Et pourtant, elle avait l'impression que tout partait doucement en vrille. Elle avait l'impression qu'elle vivait avec un étranger, un fantôme. Quand elle se levait le matin, le lit était froid et la seule trace du passage de Connor était sa tasse de café vide posée dans l'évier. Quand il rentrait, ils échangeaient deux ou trois mots puis elle allait se coucher, le laissant manger son plat refroidi. Mais aujourd'hui, il n'était toujours pas rentré. Elle s'inquiétait un peu mais elle s'y était faite. C'était son travail, il était qualifié et il savait se battre. Et puis, il fallait qu'elle se concentre sur son travail. Elle travaillait dans une grande maison de couture et devait rendre des croquis pour le lundi, sachant qu'elle n'avait presque rien et qu'il était vendredi.

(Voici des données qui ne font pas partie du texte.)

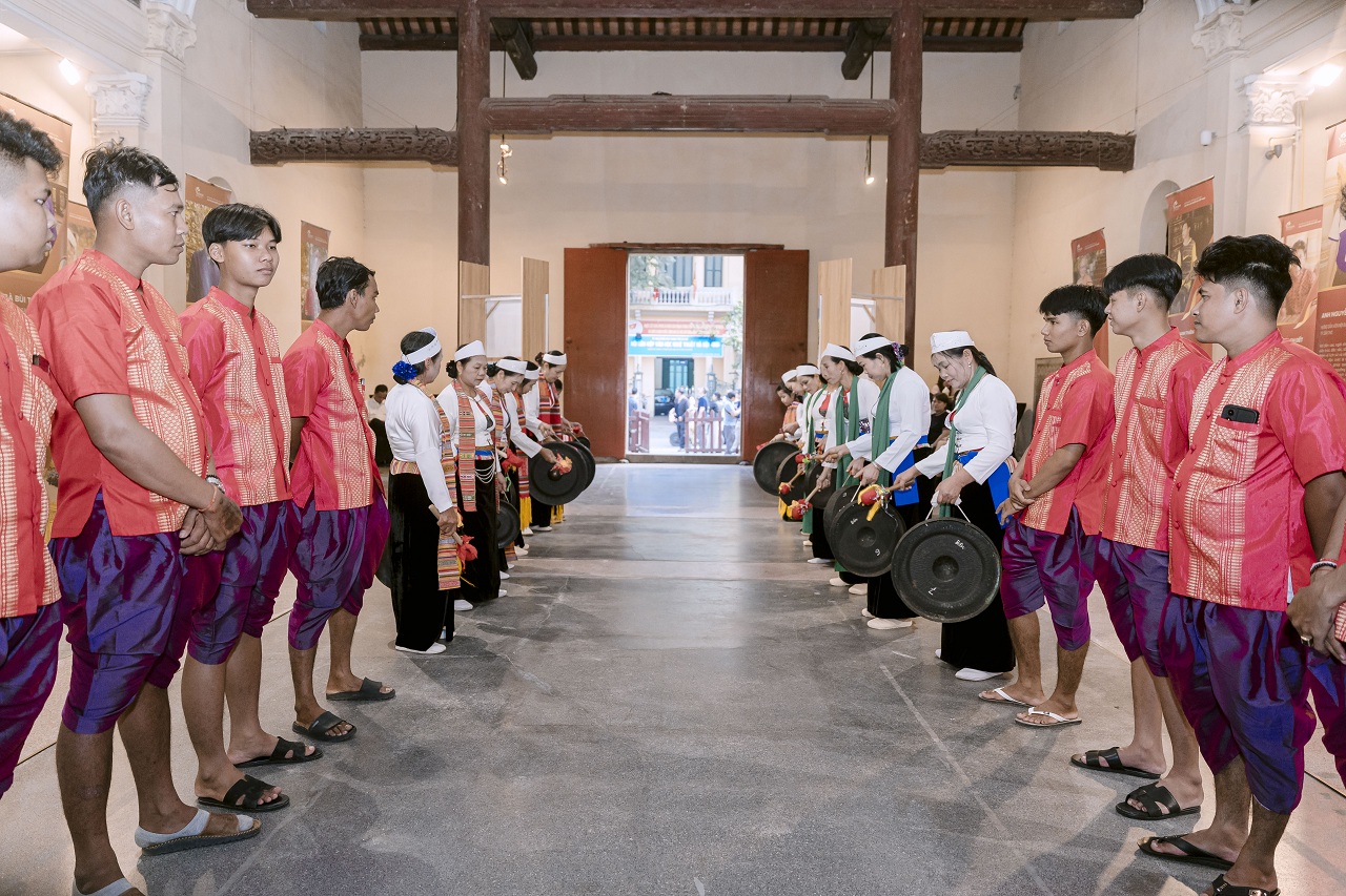 Hai di sản tiêu biểu là chiêng Mường và Nhạc ngũ âm của người Khmer được giới thiệu, trình diễn và trưng bày một cách hệ thống, sinh động. Ảnh: TITC

Elle était assise par terre, des feuilles de dessin autour d'elle. Son regard se posa sur le mur des photos. Des photos d'eux adolescents. La chevelure brune épaisse de Connor et ses yeux verts brillants à côté des longs cheveux marron et des prunelles chocolat de Priyah. Eux à la mer, en train de manger des fraises, le jour de la remise des diplômes. Ses yeux commencèrent à picoter et ils dérivèrent vers ses clés de voiture. Elle se leva, s'étira et mis ses chaussures. Avant de partir, elle sortit une barquette de fraises du frigo et la déposa sur la table. C'était leur fruit préféré. Des larmes bordaient ses yeux mais elle les retenait. Elle ne pleurait jamais. Lorsqu'elle arriva au garage, son cœur se pinça. Quand ils avaient emménagé dans l'appartement, ils s'étaient rendus compte que le plafond de leur garage était si bas que Connor le frôlait. La première fois qu'ils avaient rentré la Fiat 500 de Priyah dedans, il s'était pris l'ampoule dans la tête, les faisant éclater de rire. Elle secoua la tête, chassant le souvenir. Son GPS était déjà prêt, il ne fallait qu'une heure pour aller à la côte.

Son téléphone en silencieux, le son de sa musique à fond, Priyah passa le trajet à hurler ses chansons préférées. Elle ne remarqua pas que la playlist qui jouait était celle qu'ils avaient créée ensemble.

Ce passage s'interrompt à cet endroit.